906      That cry of the Son of God, lamenting that the harvest is plentiful but the labourers are few, is always relevant. How it tears at our heartstrings. That cry came from Christ’s mouth for you to hear too. How have you responded to it up to now? Do you pray at least daily for that intention?  (1)

A few weeks ago, as I answered the call to provide the invocation at my city’s Martin Luther King day celebration, I thought of the charge laid against the church in the 80’s, which may be still true today.  It noted that Sunday morning was the most segregated time in a church’s week.  With few exceptions, (my Concordia is close to being one ) churches in our country are primarily ethnocentric. It is true, unfortunately, that churches, even the most missional ones, are this way. My own denomination’s national magazine recently had our president lamenting that a district hadn’t planted a church in a predominantly Anglo community in fifteen years.
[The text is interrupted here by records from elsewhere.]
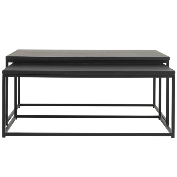 Set van salontafels Trend gemaakt uit zwart essenhout gefineerd MDF. De set bestaat uit een grote salontafel met afmetingen 100x60x42 cm en een kleinere salontafel met afmetingen 95x50x37 cm.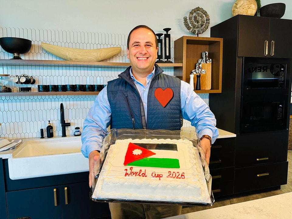 يقوم بتوزع الكيك في موقع عمله بمناسبة تأهل النشامى لكأس العالم، وتقديم بريزنتيشن عن الأردن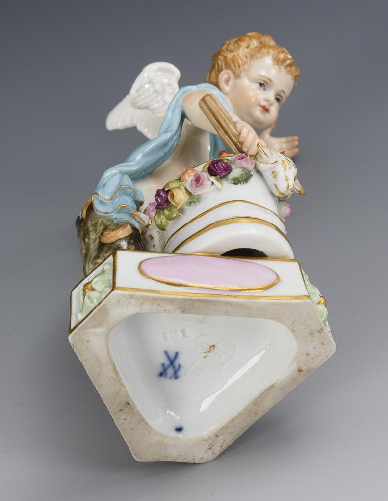 A Cupid boy with a torch standing by a ram's head bowl with roses and flaming hearts, the inscription "Je les enflammé.". 1 finger and a few flowers and leaves chipped.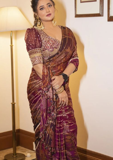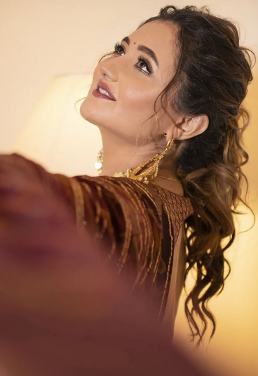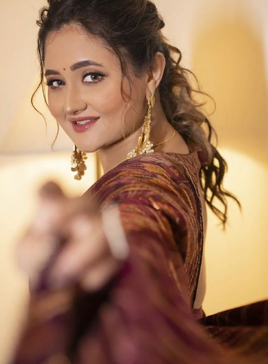 रश्मि देसाई अपने बोल्ड लुक को लेकर हमेशा सोशल मीडिया पर छाई रहती हैं। एक बार फिर से रश्मि ने इंस्टाग्राम पर कुछ फोटोज शेयर की है। जो सोशल मीडिया पर काफी तेजी से वायरल हो रहा है। फोटोज में रश्मि मरून कलर की साड़ी में दिखाई दे रही है। रश्मि ने अपने इस लुक को हैवी गोल्ड इयर पीस, लाउड मेकअप के साथ पूरा किया है।
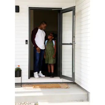 Larson® has gone Platinum. The Platinum Retractable Screen model is the ultimate Screen Away® storm door with added safety lock, better operation, a modern look and an installation that takes only a few minutes, not hours. Handcrafted to enhance your entrance's architecture, the sleek, modern design is both innovative and attractive. The vault-like, multi-point locking system secures the door in three places, providing peace of mind. This pre-assembled door with maintenance-free aluminum frame and triple weatherstrip seals out harsh weather. Invite fresh air into your home with the touch of a finger, anytime nature allows.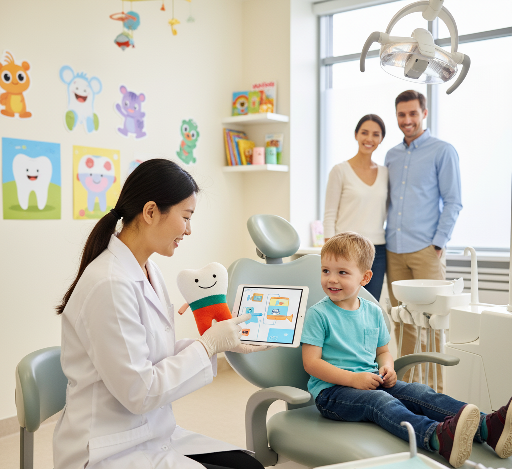Parler régulièrement du prochain rendez-vous avec des explications simples et adaptées aide à diminuer l’inquiétude. Utiliser des livres, des dessins animés ou des jeux de simulation rend la notion de « dentiste » moins abstraite et diminue la peur face à l’inconnu.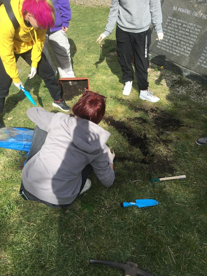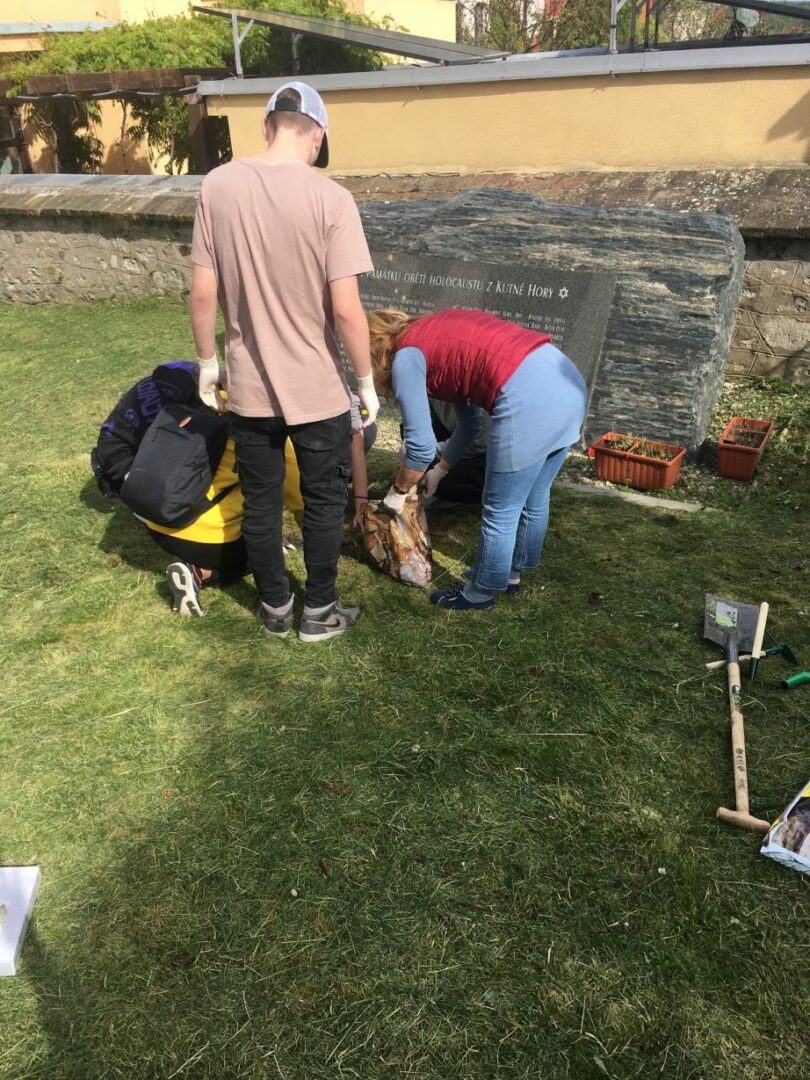 Studenti vysázeli krokusy ve tvaru židovské hvězdy před židovskou synagogou v Kutné Hoře ve Smíškově ulici. V příštím roce krokusy vykvetou do krásné žluté barvy.

While this may be an issue of passivity and comfort, there is something that is even more staggering.  A move to isolate the church on Sunday from the world. A pendulum swing reaction from the Seeker-sensitivity of the 80’s and 90’s, that is claiming that Sunday Morning worship services are for believers only.  That we have to return deliberately to encoding everything in practices and languages that a unbeliever would not be able to comprehend. This is what is faithful, we are told, to use words like salutary, or beseech, to strive for an ethereal and beautiful service, but one that our own people struggle to value.

Let me be clear, I am in no way advocating the abandonment of the liturgy. if anything, I think word and sacrament order should be made more available.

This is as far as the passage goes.